--- MATERIAL PROVIDED Enclosed Below ---

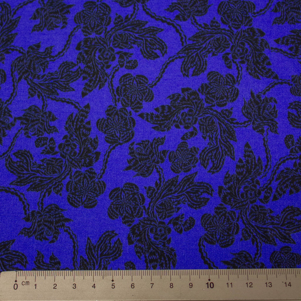 Sibre is a royal blue viscose fabric with black floral pattern. This fluid fabric can be used for tops, blouses, shirts, dresses and skirts.
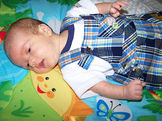July 31st was Drew's due date! I can't believe that he would have just gotten here! As ironic as it is, somehow we still ended up with him in the hospital, on his due date, Friday night. Now let me back up a little and explain what has been going on. Drew has been having some problems with acid reflux. He has been spitting up and acting like he is hurting while eating. The spitting up continued to worsen as he covered more than just the burp cloth but continued to cover himself, the boppy, the floor...We told this to his Doctor in one of our routine visits. He put him on Zantac for the acid reflux. It seemed to help Drew with the pain but the spitting up did not get any better. I was glad to see him not hurting and thought that maybe the spitting up was just a normal "baby thing".
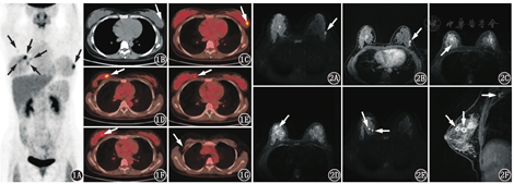 患者女,28岁,妊娠早期常规检查发现左乳包块,随访3个月左乳包块增大,行粗针穿刺活组织检查(简称活检),病理学确诊为左乳浸润性导管癌。基于乳腺癌确诊时患者处于妊娠中期,乳腺外科推荐了包含表柔比星和环磷酰胺的新辅助化疗方案。患者完成4个疗程化疗后分娩,1个月后至本科行18F-脱氧葡萄糖(fluorodeoxyglucose, FDG)PET/CT(德国Siemens Biograph 16)检查全面评价乳腺癌(患者签署知情同意书)。PET/CT显像示:左侧乳腺3点钟方向结节状FDG代谢增高灶,最大标准摄取值(maximum standardized uptake value, SUVmax)为5.3(图1A,图1B,图1C);右侧乳腺内上象限多个结节状FDG代谢增高灶,SUVmax为5.7(图1A,图1D,图1E,图1F);右侧腋窝见1枚增大淋巴结,FDG代谢轻度增高,SUVmax为1.2(图1G)。左侧乳腺FDG高代谢灶与以前确诊的乳腺癌位置一致,FDG高代谢提示新辅助化疗后仍有活性癌细胞存在。右侧乳腺和右侧腋窝的FDG高代谢灶是否与乳腺癌有关尚不能确定。患者后行MRI:左侧乳腺癌病灶T1加权像呈稍低信号,T2加权像呈稍高信号,弥散加权像呈高信号(图2A),对比增强T1加权像呈明显强化(图2B);右侧乳腺的多个病灶T1加权像呈等信号,T2加权像主要呈高信号,但病灶周围见低信号环包绕,似"戒指"状(图2C,图2D),弥散加权像呈明显高信号(图2E),提示弥散明显受限,对比增强T1加权像呈明显环形强化(图2F),右侧腋窝增大的淋巴结也呈中等程度强化(图2F)。于患者右侧乳腺FDG代谢最高病灶行粗针穿刺活检,病理结果示积乳囊肿。
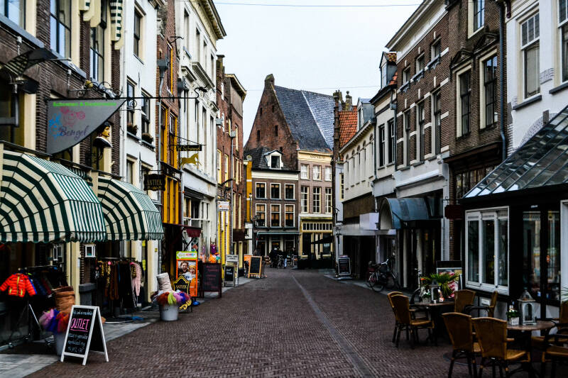 Aan de grens van de Zaadmarkt kun je een poortje doorlopen . Je loopt dan onder de Drogenapstoren door. De poort is gebouwd als stadspoort. De toren heeft zijn naam te danken aan Tonis Drogenap, die er woonde. Op de foto rechts een karakteristiek straatje in Zutphen.
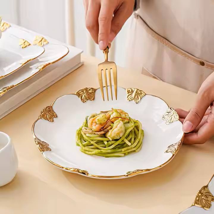 Nordic Phnom Penh High Quality Ceramic Plate for Breakfast Dinner Dessert Western Tableware Creative Pattern for Hotels Home Use

--- End of Enclosed MATERIAL PROVIDED ---

TASK DETAILS :: All the records need to be repeated exactly, with the images dropped.

FINISHED EXERCISE ::
 Sibre is a royal blue viscose fabric with black floral pattern. This fluid fabric can be used for tops, blouses, shirts, dresses and skirts.
July 31st was Drew's due date! I can't believe that he would have just gotten here! As ironic as it is, somehow we still ended up with him in the hospital, on his due date, Friday night. Now let me back up a little and explain what has been going on. Drew has been having some problems with acid reflux. He has been spitting up and acting like he is hurting while eating. The spitting up continued to worsen as he covered more than just the burp cloth but continued to cover himself, the boppy, the floor...We told this to his Doctor in one of our routine visits. He put him on Zantac for the acid reflux. It seemed to help Drew with the pain but the spitting up did not get any better. I was glad to see him not hurting and thought that maybe the spitting up was just a normal "baby thing".
 患者女,28岁,妊娠早期常规检查发现左乳包块,随访3个月左乳包块增大,行粗针穿刺活组织检查(简称活检),病理学确诊为左乳浸润性导管癌。基于乳腺癌确诊时患者处于妊娠中期,乳腺外科推荐了包含表柔比星和环磷酰胺的新辅助化疗方案。患者完成4个疗程化疗后分娩,1个月后至本科行18F-脱氧葡萄糖(fluorodeoxyglucose, FDG)PET/CT(德国Siemens Biograph 16)检查全面评价乳腺癌(患者签署知情同意书)。PET/CT显像示:左侧乳腺3点钟方向结节状FDG代谢增高灶,最大标准摄取值(maximum standardized uptake value, SUVmax)为5.3(图1A,图1B,图1C);右侧乳腺内上象限多个结节状FDG代谢增高灶,SUVmax为5.7(图1A,图1D,图1E,图1F);右侧腋窝见1枚增大淋巴结,FDG代谢轻度增高,SUVmax为1.2(图1G)。左侧乳腺FDG高代谢灶与以前确诊的乳腺癌位置一致,FDG高代谢提示新辅助化疗后仍有活性癌细胞存在。右侧乳腺和右侧腋窝的FDG高代谢灶是否与乳腺癌有关尚不能确定。患者后行MRI:左侧乳腺癌病灶T1加权像呈稍低信号,T2加权像呈稍高信号,弥散加权像呈高信号(图2A),对比增强T1加权像呈明显强化(图2B);右侧乳腺的多个病灶T1加权像呈等信号,T2加权像主要呈高信号,但病灶周围见低信号环包绕,似"戒指"状(图2C,图2D),弥散加权像呈明显高信号(图2E),提示弥散明显受限,对比增强T1加权像呈明显环形强化(图2F),右侧腋窝增大的淋巴结也呈中等程度强化(图2F)。于患者右侧乳腺FDG代谢最高病灶行粗针穿刺活检,病理结果示积乳囊肿。
 Aan de grens van de Zaadmarkt kun je een poortje doorlopen . Je loopt dan onder de Drogenapstoren door. De poort is gebouwd als stadspoort. De toren heeft zijn naam te danken aan Tonis Drogenap, die er woonde. Op de foto rechts een karakteristiek straatje in Zutphen.
 Nordic Phnom Penh High Quality Ceramic Plate for Breakfast Dinner Dessert Western Tableware Creative Pattern for Hotels Home Use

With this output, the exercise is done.